新型コロナの第2期到来が報道される中で、テレビニュースで、また、新聞などで、次のような「~ぶり」の使い方が出てくるが、どうも気になって仕方がない。
- 感染者が1か月ぶりに100人を越えました。
- 感染者が40人を超えるのは3日ぶりです。
- 30代男性の感染者! 県内75日ぶりの感染福井県は12日昼、新型コロナウイルスの新たな感染者が1人確認されたと発表した。
私の感覚では、「久しぶりに友達に会った」「1週間ぶりの晴れです」「我がチームは2年ぶりに1位に返り咲いた」のように、「期間+ぶり」は、ある一定期間待ちわびてその事柄が再び実現する場合、したがって通常は、「うれしい」場合に用いられるはずである。
(1)~(3)のように、「うれしくない」場合に「~ぶり」が用いられると、落ち着かない気持ちになる。

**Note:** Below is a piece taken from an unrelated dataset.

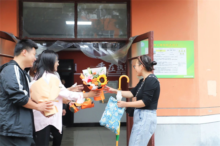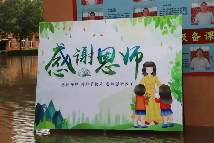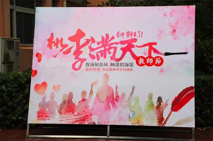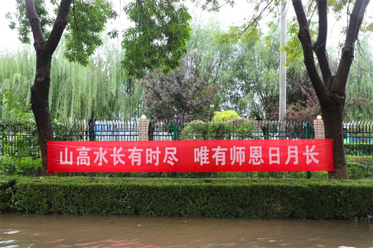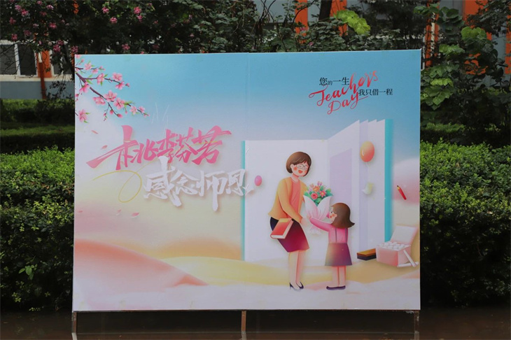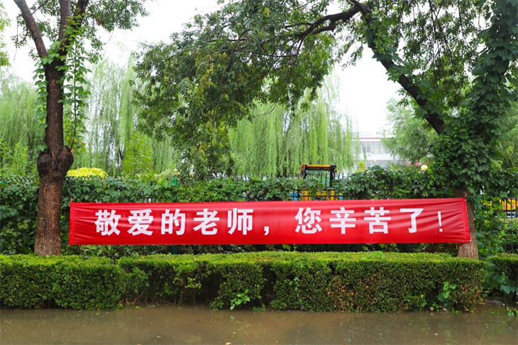 在这个特殊的日子里,老师们感受到了来自学校的温暖——关于教师节的大屏、条幅、展示牌、鲜花......雨水洗净了校园的每一个角落,也洗净了老师们心中的疲惫,让他们以更加饱满的热情投入到新的一天的工作中。

手元にある国語辞書『広辞苑』『大辞林』『岩波国語辞典』を調べてみる。
広辞苑:
時間を表す語に付いて、時日の経過の程度を表す。(例)久しぶり、1年ぶり
大辞林:
時間を表す語に付いて、それだけの時間を経過して再び同じ状態になることを表す。(例)五年ぶりの帰郷、三日ぶりの晴天
岩波国語辞典:
(時間を表す語に付けて)それだけの時がたった後に、初めてまたそうする(なる)ことを表す(例)三年ぶりに会った
これらの国語辞書では「~ぶり」の中に「うれしい」という気分が入るか否かには言及していない。単なる「日時の経過」という説明があるだけである。

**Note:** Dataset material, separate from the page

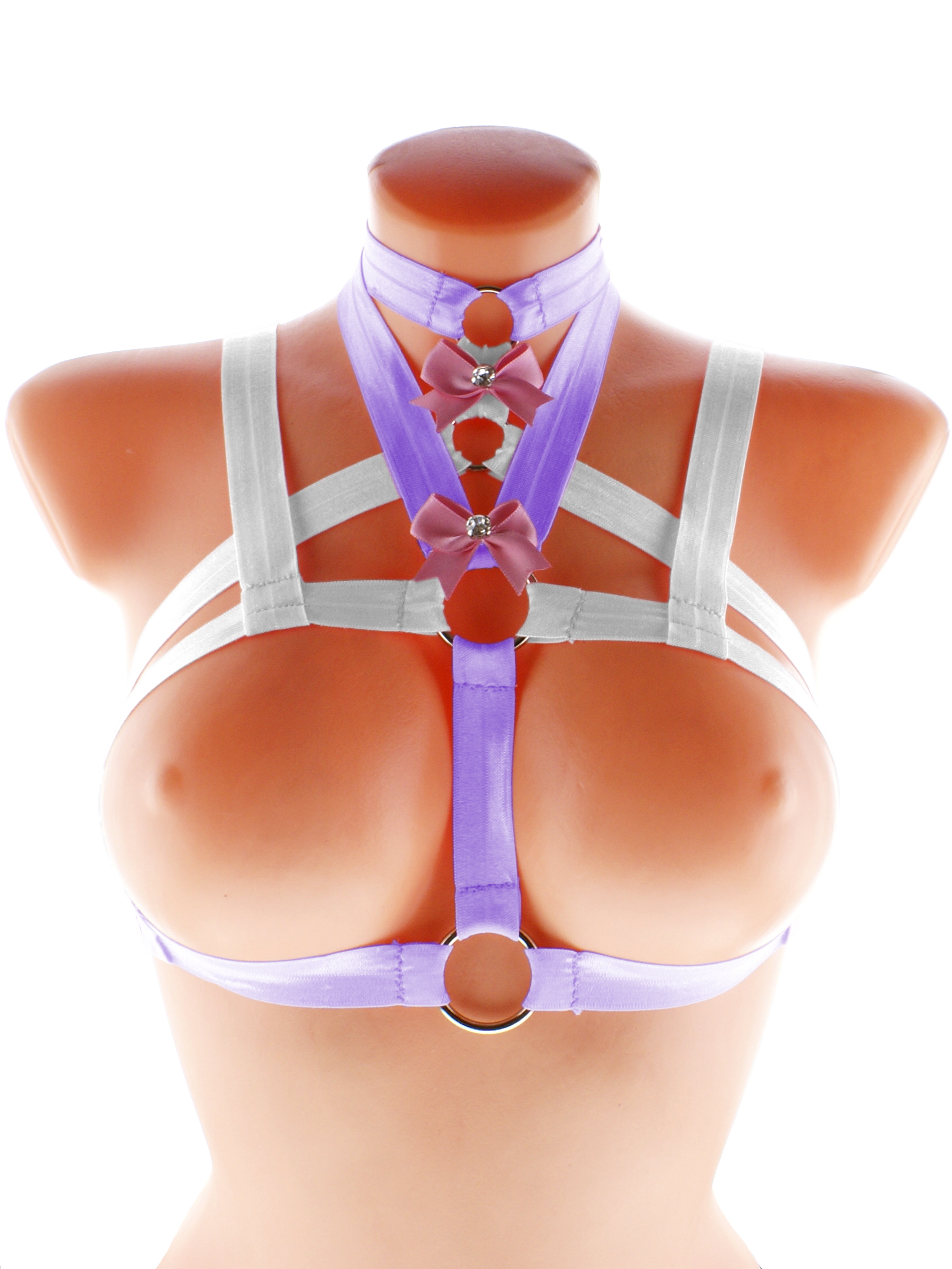 Elastic women harness, elastic bra harness, harness bra, bra cage harness, elastic chest harness, white lilac harness bralette, chest harness 2

一方、NHK放送文化研究所が出している『ことばのハンドブック』P163&143には次のような説明がある。
「~ぶり」(○年~、○日~)は、「久しぶり」という言葉もあるように、ある程度の時間・日にちがたったあと、ようやくその前の状態が再び起こるときに使われるのが普通です。
(例1)「5年ぶりの再開」「5日ぶりの晴天」「1か月ぶりの雨」
(・・・中略・・・)
<注意>「~ぶり」には、語感の中に「待ち望んでいることへの期待感」を含んでいるので、「○年ぶりの大病」などという言い方は普通しません。
『ことばのハンドブック』の<注意>における説明は私の感覚・理解とぴったりである。
しかし、実際にはNHKの報道では、上記の(1)(2)や次の(4)(5)のように、「待ち望んでいないこと」にも「~ぶり」を使っていることが多い。((6)(7)はインターネットから借用。)
- 一週間ぶりの大雨です。
- 1か月ぶりに感染者数が200人を越えました。
- (大学入試の志願者は)文(93)はやや減少で、2年ぶりに減少。学科別では・・・
- この村じゃ誘拐事件は4、50年ぶりの事件だよ。
「~ぶり」の文を見ていると、「待ち望んでいること」にも「待ち望んでいないこと」にも属さない、中間的な使われ方をしている場合もないことはない。
- 久しぶりに電車に乗りました。久しぶりだったから、結構疲れが出ましたよ。
- 出産して体質が変わったのか、1年ぶりだからか、1杯で酔ってしまった。
(8)は電車に乗るのが「待ち望んでいること」ほどのことではなく、単に「長期間のあとに」程度の意味にとることができる。(9)も、お酒を飲むのを「待ち望んでいたこと」だったかどうかは文面からは判断できない。
私自身は「~ぶり」を「待ち望んでいたこと」の場合にのみ使ってほしいと思っているが、世の中は厳密に線を引いていないのであろうか。「~ぶり」が期待感を含んだ表現である以上、ぜめて「1年ぶりの大豪雨で、川が氾濫している」のような、明らかに待ち望まれていない事柄には「~ぶり」は使わないでほしいと思うが、皆さんはいかがだろうか。